While Cynric continued to hunt in vain for som
e clue as to the direction Harling might have taken, Bartholomew lumbered about in the bushes near where Harling had attacked them. The task was impossible, but they continued relentlessly until the first threads of dawn began to lighten the sky in the east. Out of the semi-darkness, they heard the thud of hooves, and Cynric dragged Bartholomew into the bushes until he recognised the horsemen: Michael, Langelee, and Tulyet with some of his men. Bartholomew could not meet Michael’s eyes when he told him how they had lost Harling and Dame Pelagia, and turned away when Michael sank down at the side of the road and put his head in his hands.
Tulyet had sustained a cut over one eye in the skirmish near the river, and he told Bartholomew that reinforcements from his deputy had arrived in the nick of time. Langelee had apparently fought like the Devil, and it was only with his help that Tulyet and those soldiers who had remained loyal had managed to hold off the ambushers. The deputy’s force had tipped the balance, and those of Harling’s men who had not been killed in the fighting were now safely in the castle prison – among them Alan of Norwich and his mercenaries.

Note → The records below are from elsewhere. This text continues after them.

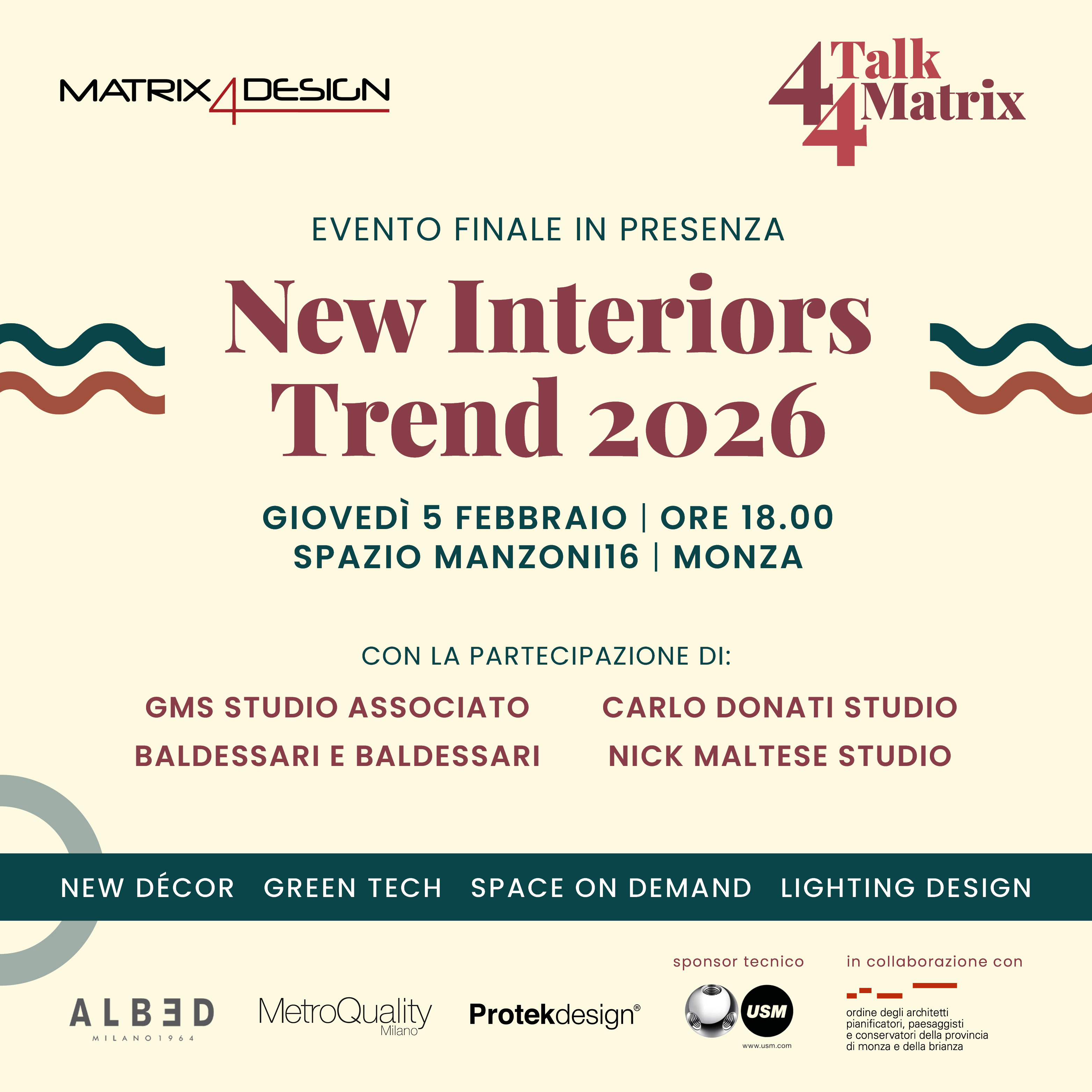 Matrix4Design, il magazine digitale B2B, punto di riferimento per il mondo dell’architettura e del design e hub di relazioni privilegiato con i professionisti del progetto, con la collaborazione dell'Ordine degli Architetti PPC della provincia di Monza e della Brianza, giovedì 5 febbraio conclude il format 4Talk4Matrix. I nuovi trend dell’interior design con un esclusivo evento dal vivo moderato da Alessandra Coppa.
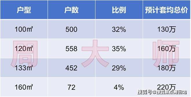 各户型配比如下:
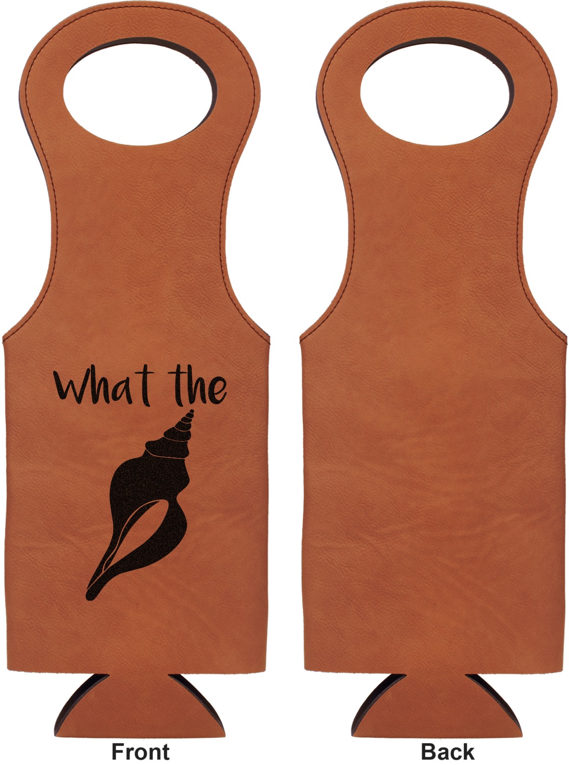 This wine carrier is made from a stunning leatherette, in a cognac-brown color. Strong, black stitching lines the sides of your wine bottle bag and provides extra durability. The interior is lined with a padded, black material to allow for a snug fit once your bottle is placed inside. At the top of this wine gift bag, you'll find two oval shaped handles that elegantly complements the rest of the bag's style. We provide you with the option of laser-engraving the front, or the front and back of your new personalized wine bag!
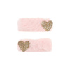 Komplet dwóch spinek do włosów z jasnoróżowym futerkiem Jolia holenderskiej marki Souza! Na pokrytych futerkiem ozdobach znajdują się brokatowe serduszka. Metalowe, ząbkowane zaciski sprawiają, że spinki stabilnie trzymają się włosów. Idealne zarówno na przyjęcia, jak i na co dzień. Nadają się także na prezent.
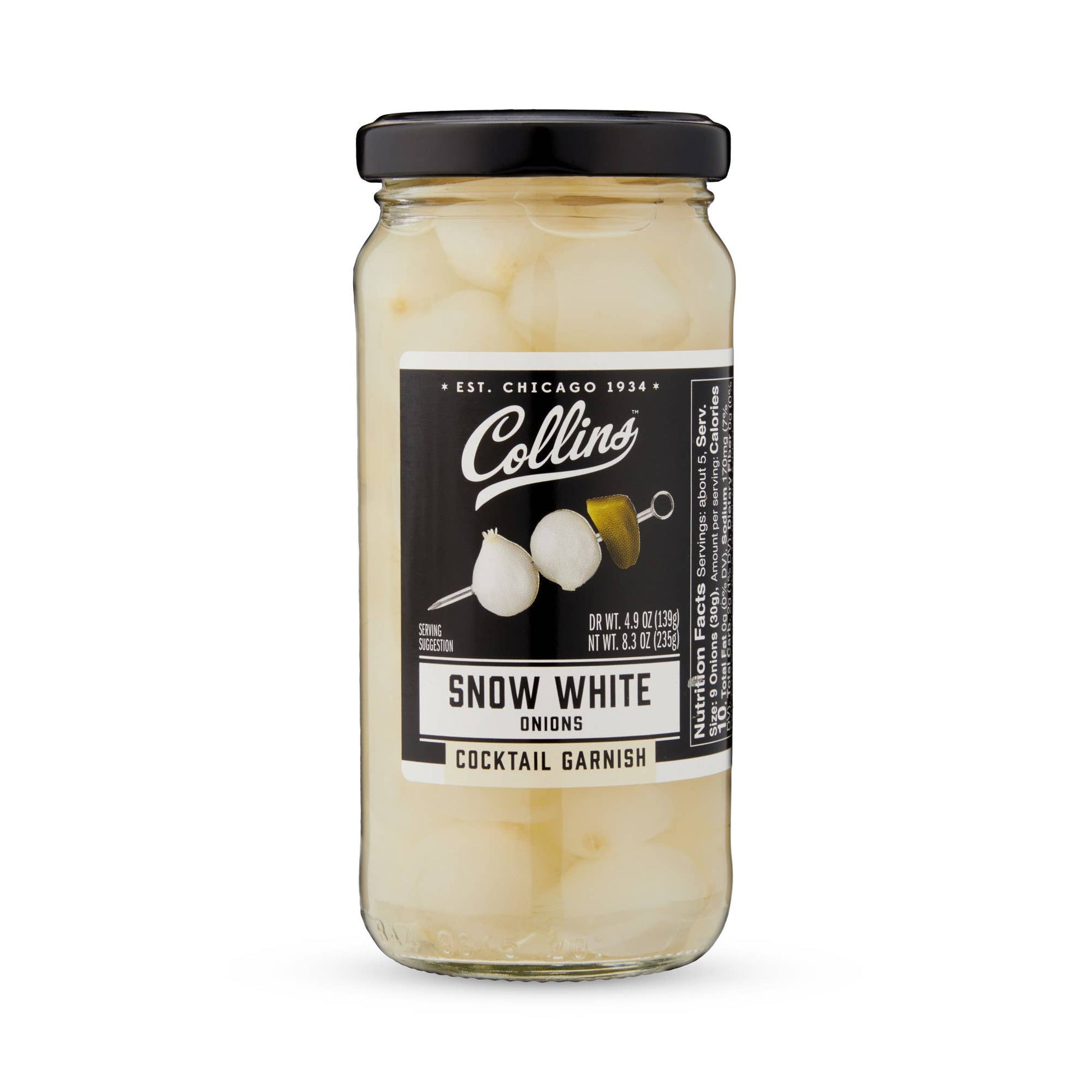 Pickled in vinegar, Collins Snow White Onions are the perfect finishing touch to cocktails and other drinks.
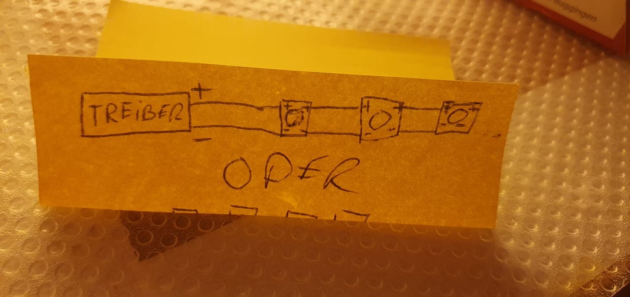 Also vom Netzteil + auf Led + und dann von Led + auf LED + dann von Led + auf Led + usw
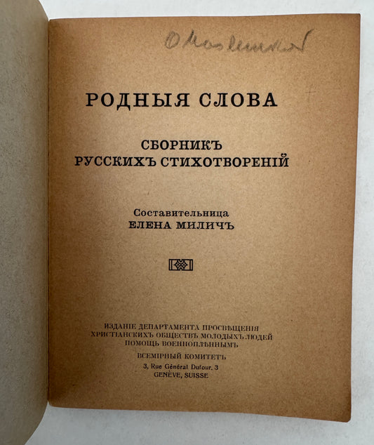 Родныя Слова: Сборник Русских Стихотвореній = Rodnyya Slova... = Rodnyi︠a︡ Slova: Sbornik Russkikh Stikhotvorenīĭ
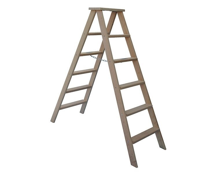 Дерев'яна двостороння драбина-стрем'янка VIRASTAR HOBBY 2x6 сходинок (виробництво Україна) призначена для використання при виконанні електромонтажних, ремонтних, садових і будівельних робіт:
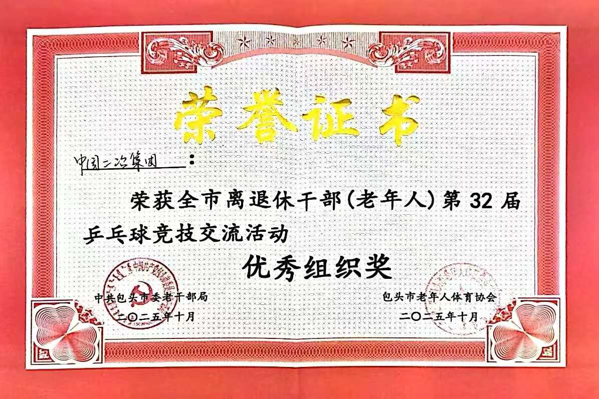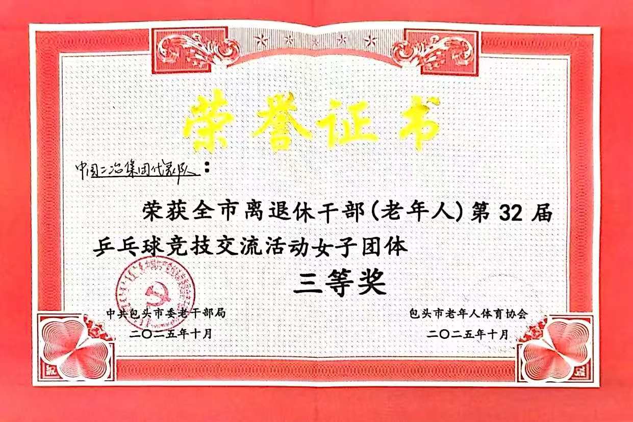 近日,由包頭市委老干部局、市老年人體育協(xié)會主辦,市老干部活動服務(wù)中心承辦的全市離退休干部(老年人)第32屆乒乓球競技交流活動圓滿結(jié)束,中國二冶在此次活動中成功斬獲優(yōu)秀組織獎與女子團體三等獎兩項榮譽。
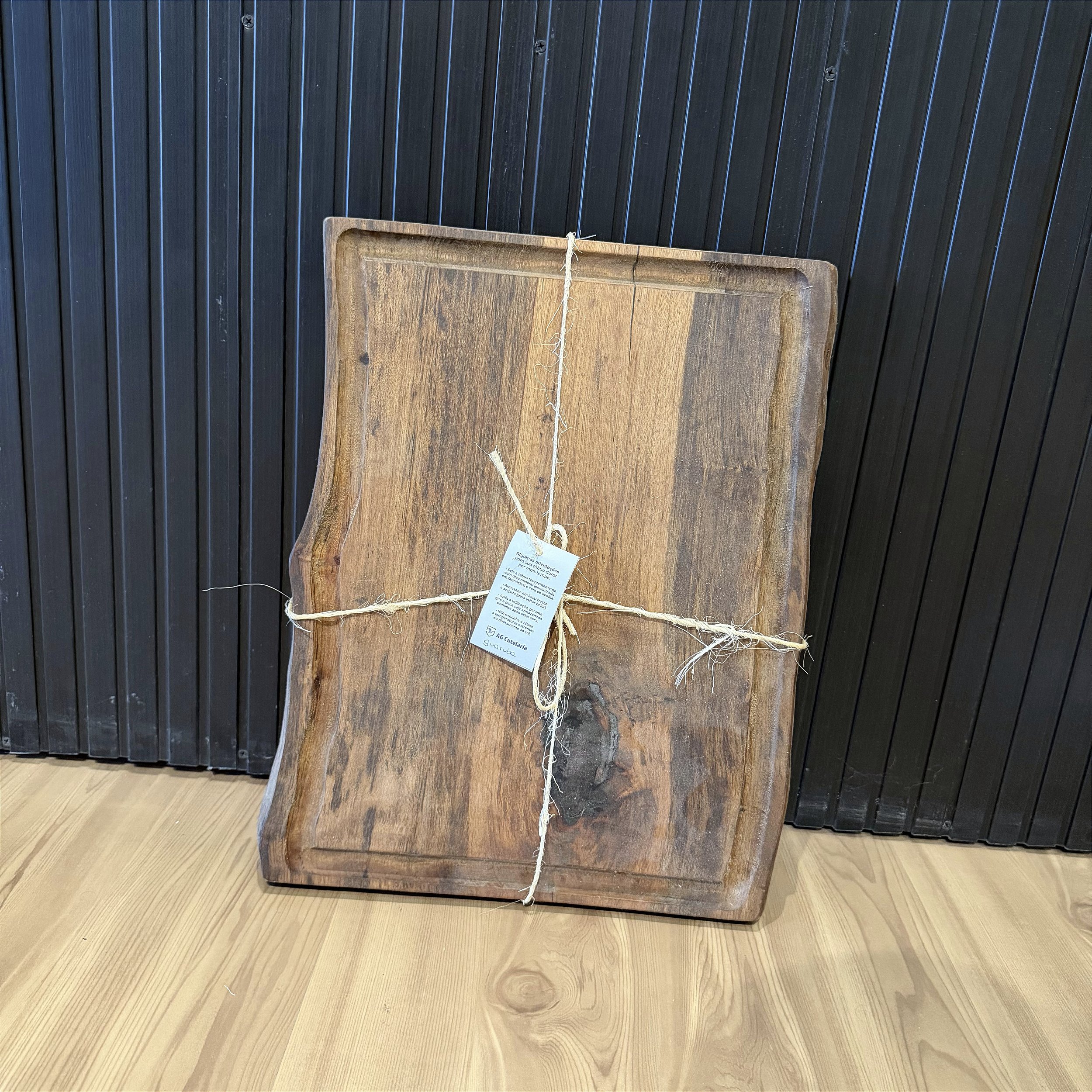 Tábua de corte artesanal em madeira Guaruba, rica em textura e com canaleta funcional.
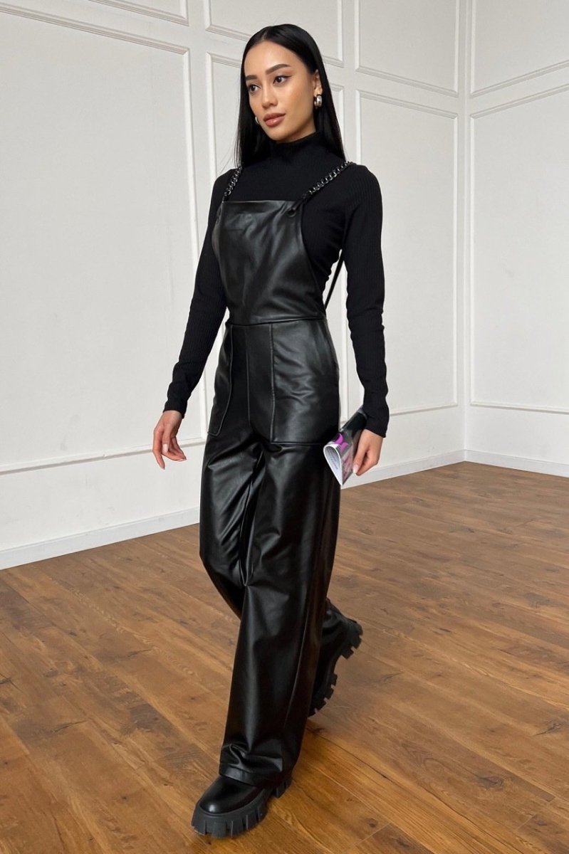 Комбез из эко кожи с уверенностью можно назвать одним из самых экстравагантных предметов женского гардероба. Такие изделия делают акцент на бедрах и подчеркивают стройность ног и удлиняют силуэт. Благодаря этому любая девушка сможет выглядеть стильно и дорого. Самым универсальным решением становится именно черный кожаный комбинезон – он всегда выглядит очень стильно и актуально, прекрасно сочетаясь с другими изделиями из кожи – сумкой или обувью.

As Tulyet gave Bartholomew and Cynric this information, one of the soldiers said he knew where there was a track that led to the village of Fen Ditton through the marshes. He led the way a short distance to the north, and gestured at the undergrowth, but Bartholomew could see nothing that remotely resembled a path. Nevertheless, he followed the soldier through the tangle of vegetation with the others trailing behind, Cynric pointing out broken leaves and footprints that indicated someone had passed that way, although whether it was Harling and Dame Pelagia was impossible to tell.
‘So who are you?’ asked Bartholomew of Langelee as they walked together. The big philosopher looked pleased with himself, basking in the glory of having saved the Sheriff and his garrison from certain annihilation. ‘An agent of the King?’